The present invention relates to the field of electromagnetic signal communication, and more particularly, to a method, an apparatus, and a medium for dynamically adjusting bit synchronization in long burst communication.

Background

In a radio measurement and control equipment receiver based on a software radio idea, a signal sampling frequency point is advanced to an intermediate frequency, and after digital down-conversion, an output baseband signal is a sampling sequence and is not a time continuous analog signal waveform any more. The actual shape of the sampled waveform is not important because all waveforms with the same sampling result are equivalent for detection, and because of the different code rates, the number of samples representing a symbol in the input sample sequence will be different. The core of the bit synchronization problem is no longer how to precisely control the sampling clock phase, but rather to make decisions on the received symbols at precise decision times, more precisely estimating the location of the best decision point for each symbol. Currently, the most widely used timing error algorithms are Gardner timing synchronization and DFT-based O & M timing synchronization algorithms.

The basic idea of the Gardner algorithm is: the amplitude and polarity change information at the decision sampling point of the adjacent code elements is extracted, and the timing error can be extracted from the sampling signal by adding whether the over-searching point between the adjacent code elements is zero or not. The timing error is used for controlling the next sampling moment to be adjusted after certain processing. Therefore, the Gardner algorithm is actually a closed-loop convergence loop, a certain number of symbols are needed to converge the loop, and the symbols in the convergence process are not available and are not suitable for burst communication.

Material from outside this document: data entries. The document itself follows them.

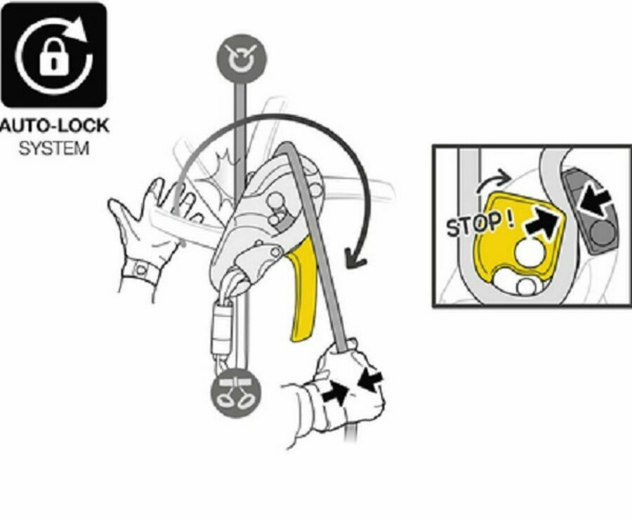 Versatile: - once locked, the rope can be taken up without having to manipulate the handle, allowing for easy short ascents, for example - cam can be manipulated to take up slack easily or belay a lead using climbing techniques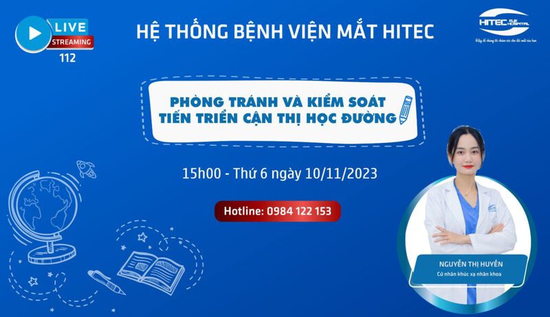 Đón xem livestream số 112 lúc 15h00 ngày 10/11/2023 trên fanpage của Bệnh viện Mắt Kỹ Thuật Cao Hà Nội để biết thêm thông tin chi tiết về cận thị học đường.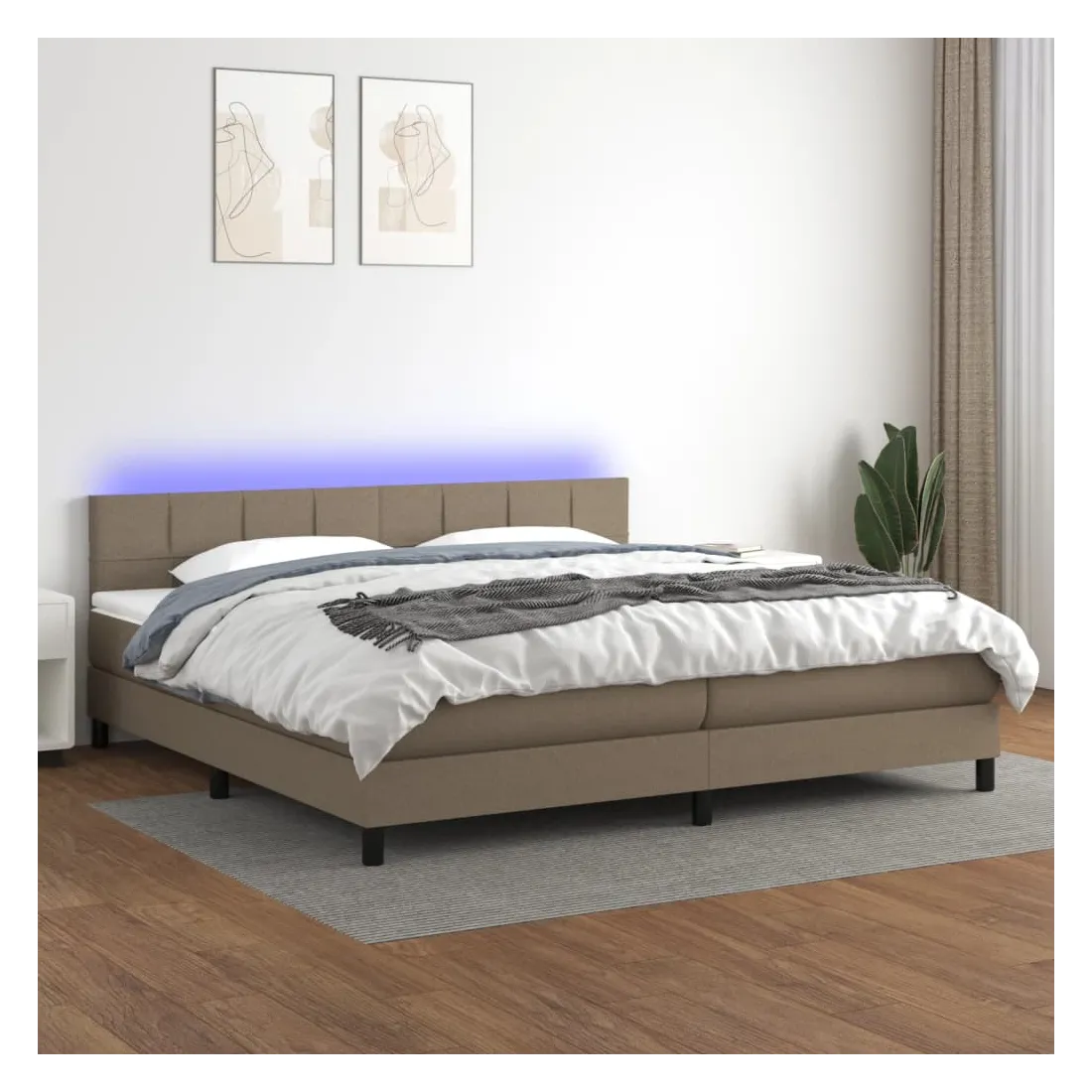 Sommier à lattes de lit et matelas et LED Taupe 200x200cm Tissu

The basic idea of the O & M timing synchronization algorithm is: using the frequency domain delay theorem of the Discrete Fourier Transform (DFT) algorithm, the timing offset will be embodied as the phase error of the associated peak DFT, and the timing error estimate can be obtained by the following formula.

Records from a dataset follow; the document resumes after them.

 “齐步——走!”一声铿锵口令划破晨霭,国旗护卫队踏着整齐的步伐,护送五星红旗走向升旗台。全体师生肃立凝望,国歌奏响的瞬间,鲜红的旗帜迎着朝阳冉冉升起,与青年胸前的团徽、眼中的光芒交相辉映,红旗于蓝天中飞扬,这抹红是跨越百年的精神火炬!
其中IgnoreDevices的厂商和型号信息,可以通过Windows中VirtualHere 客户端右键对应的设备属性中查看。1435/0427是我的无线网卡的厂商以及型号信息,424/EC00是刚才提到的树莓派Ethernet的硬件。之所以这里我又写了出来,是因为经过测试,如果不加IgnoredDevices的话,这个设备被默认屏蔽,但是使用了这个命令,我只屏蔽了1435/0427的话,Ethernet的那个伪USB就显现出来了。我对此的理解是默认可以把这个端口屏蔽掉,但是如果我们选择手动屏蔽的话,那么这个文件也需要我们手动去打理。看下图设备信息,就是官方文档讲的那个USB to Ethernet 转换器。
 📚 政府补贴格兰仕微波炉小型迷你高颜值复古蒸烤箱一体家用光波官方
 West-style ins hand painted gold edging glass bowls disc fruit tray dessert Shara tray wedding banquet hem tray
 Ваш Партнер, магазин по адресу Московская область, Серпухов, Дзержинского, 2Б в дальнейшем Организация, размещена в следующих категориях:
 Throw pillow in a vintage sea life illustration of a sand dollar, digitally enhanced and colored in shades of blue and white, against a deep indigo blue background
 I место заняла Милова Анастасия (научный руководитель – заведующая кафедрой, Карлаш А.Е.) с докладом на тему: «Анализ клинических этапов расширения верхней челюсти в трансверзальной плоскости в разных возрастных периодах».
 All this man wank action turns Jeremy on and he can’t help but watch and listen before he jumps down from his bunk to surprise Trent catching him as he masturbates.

Wherein M is DFT point number, k is over-sampling rate, and N is sequence tailing. And combining the front correlation peak and the rear correlation peak to carry out timing error estimation.

It can be seen that the O & M timing synchronization algorithm is actually an open-loop estimation, and although the best sampling point of the current M point data can be accurately found, it cannot resist the symbol drift caused by the clock error of the receiver and the transmitter in long-time communication.

Disclosure of Invention

The present invention aims to overcome the defects of the prior art, and provides a dynamic adjustment method, a device and a medium for bit synchronization of long burst communication, which can perform real-time bit synchronization on burst long signals, resist symbol drift caused by clock errors of a receiver and a transmitter, and ensure that all symbols are correctly received.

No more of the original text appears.